INFORMATION PROVIDED:
═══

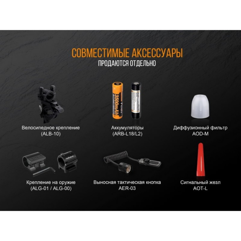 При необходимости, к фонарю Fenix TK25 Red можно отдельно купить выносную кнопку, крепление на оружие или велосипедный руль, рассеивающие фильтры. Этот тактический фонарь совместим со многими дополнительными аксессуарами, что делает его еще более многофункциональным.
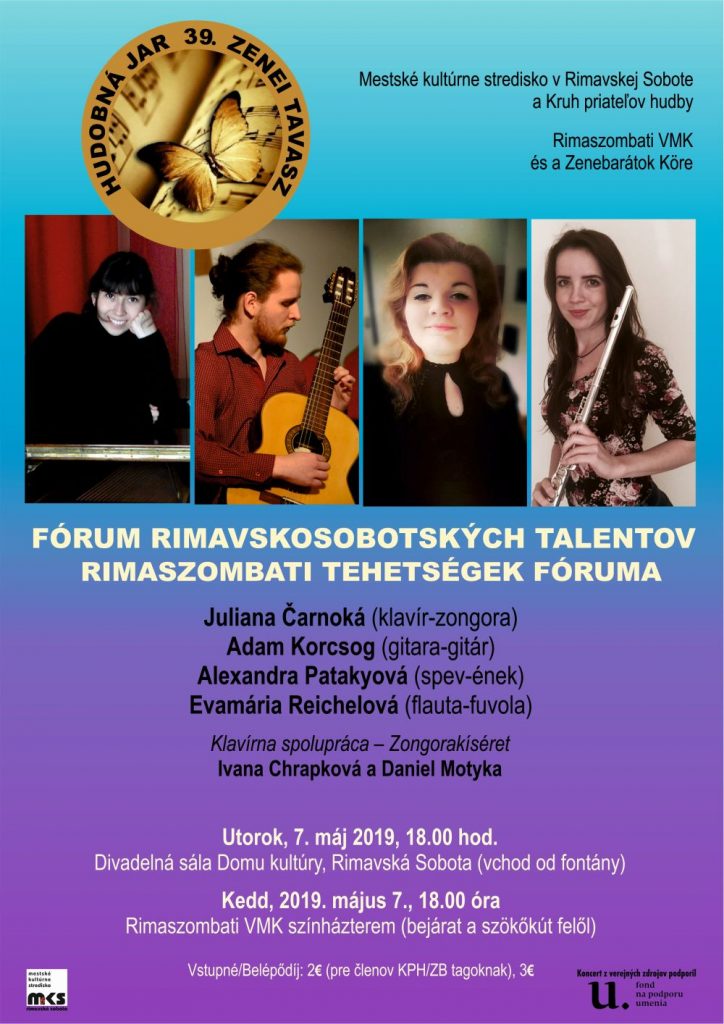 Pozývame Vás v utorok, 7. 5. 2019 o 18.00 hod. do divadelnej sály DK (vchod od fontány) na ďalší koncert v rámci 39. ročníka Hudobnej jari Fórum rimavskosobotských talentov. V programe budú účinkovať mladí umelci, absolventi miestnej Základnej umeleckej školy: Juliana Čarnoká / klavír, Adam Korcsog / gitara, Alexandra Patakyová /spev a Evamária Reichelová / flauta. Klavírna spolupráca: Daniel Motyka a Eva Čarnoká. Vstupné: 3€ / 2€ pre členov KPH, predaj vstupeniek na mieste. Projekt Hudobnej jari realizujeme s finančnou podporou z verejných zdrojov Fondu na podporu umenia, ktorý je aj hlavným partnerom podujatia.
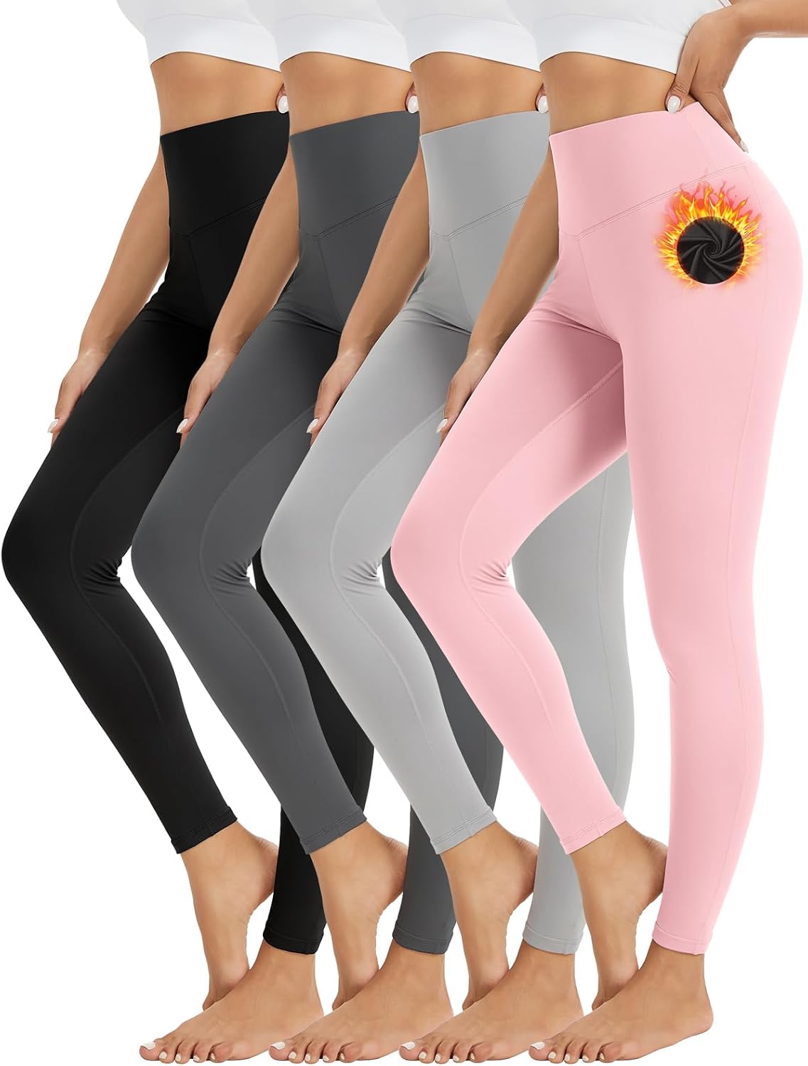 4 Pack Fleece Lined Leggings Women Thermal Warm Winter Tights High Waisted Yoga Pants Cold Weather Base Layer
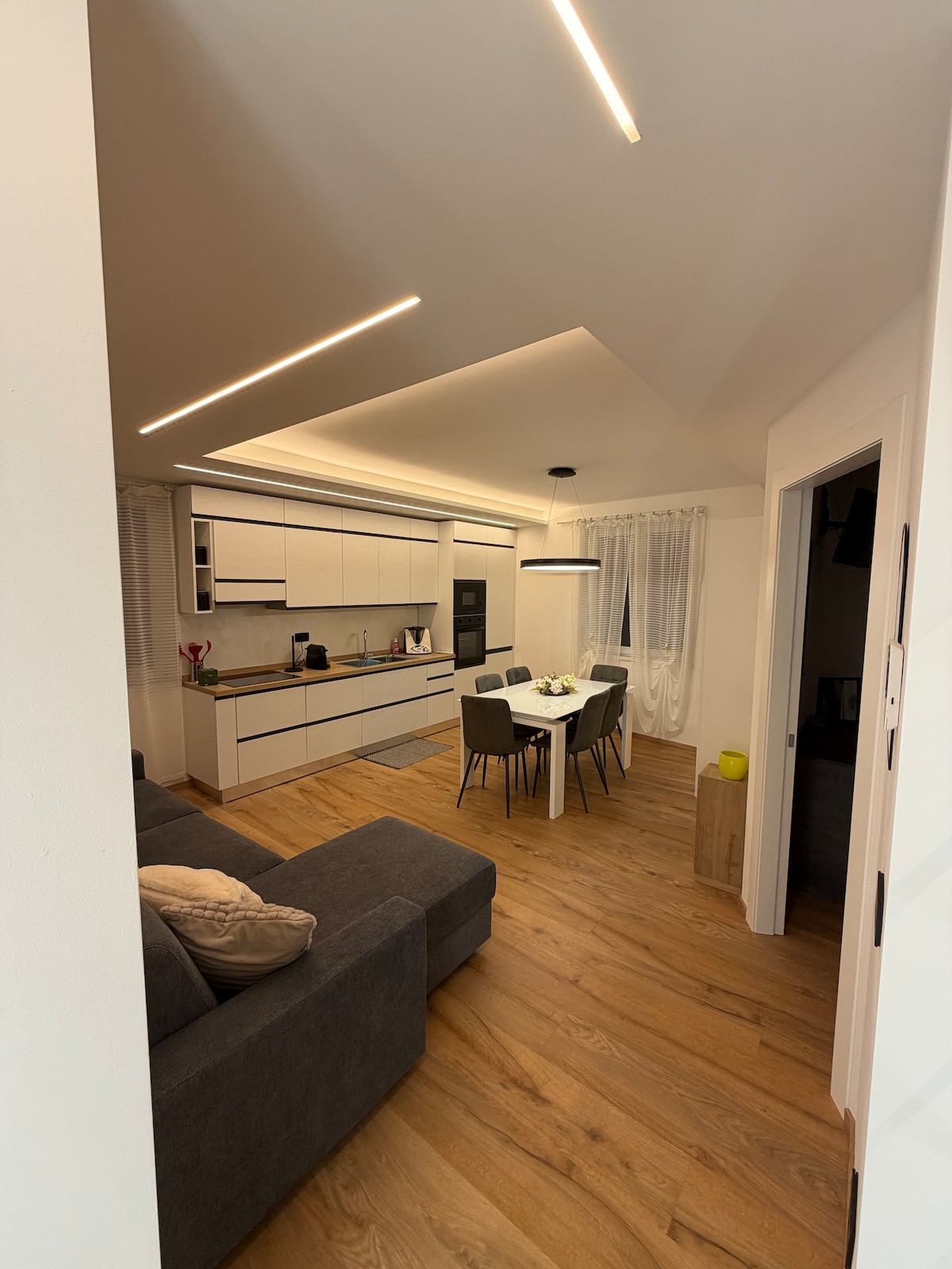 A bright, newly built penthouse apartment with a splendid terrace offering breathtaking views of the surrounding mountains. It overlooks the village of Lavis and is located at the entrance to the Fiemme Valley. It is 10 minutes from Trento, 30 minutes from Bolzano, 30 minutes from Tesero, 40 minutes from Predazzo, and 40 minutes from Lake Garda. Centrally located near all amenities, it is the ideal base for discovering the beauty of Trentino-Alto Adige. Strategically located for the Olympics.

═══

WHAT THE EXERCISE ASKS:
Restate the material word for word, minus pictures.

RESULT BELOW:
 При необходимости, к фонарю Fenix TK25 Red можно отдельно купить выносную кнопку, крепление на оружие или велосипедный руль, рассеивающие фильтры. Этот тактический фонарь совместим со многими дополнительными аксессуарами, что делает его еще более многофункциональным.
 Pozývame Vás v utorok, 7. 5. 2019 o 18.00 hod. do divadelnej sály DK (vchod od fontány) na ďalší koncert v rámci 39. ročníka Hudobnej jari Fórum rimavskosobotských talentov. V programe budú účinkovať mladí umelci, absolventi miestnej Základnej umeleckej školy: Juliana Čarnoká / klavír, Adam Korcsog / gitara, Alexandra Patakyová /spev a Evamária Reichelová / flauta. Klavírna spolupráca: Daniel Motyka a Eva Čarnoká. Vstupné: 3€ / 2€ pre členov KPH, predaj vstupeniek na mieste. Projekt Hudobnej jari realizujeme s finančnou podporou z verejných zdrojov Fondu na podporu umenia, ktorý je aj hlavným partnerom podujatia.
 4 Pack Fleece Lined Leggings Women Thermal Warm Winter Tights High Waisted Yoga Pants Cold Weather Base Layer
 A bright, newly built penthouse apartment with a splendid terrace offering breathtaking views of the surrounding mountains. It overlooks the village of Lavis and is located at the entrance to the Fiemme Valley. It is 10 minutes from Trento, 30 minutes from Bolzano, 30 minutes from Tesero, 40 minutes from Predazzo, and 40 minutes from Lake Garda. Centrally located near all amenities, it is the ideal base for discovering the beauty of Trentino-Alto Adige. Strategically located for the Olympics.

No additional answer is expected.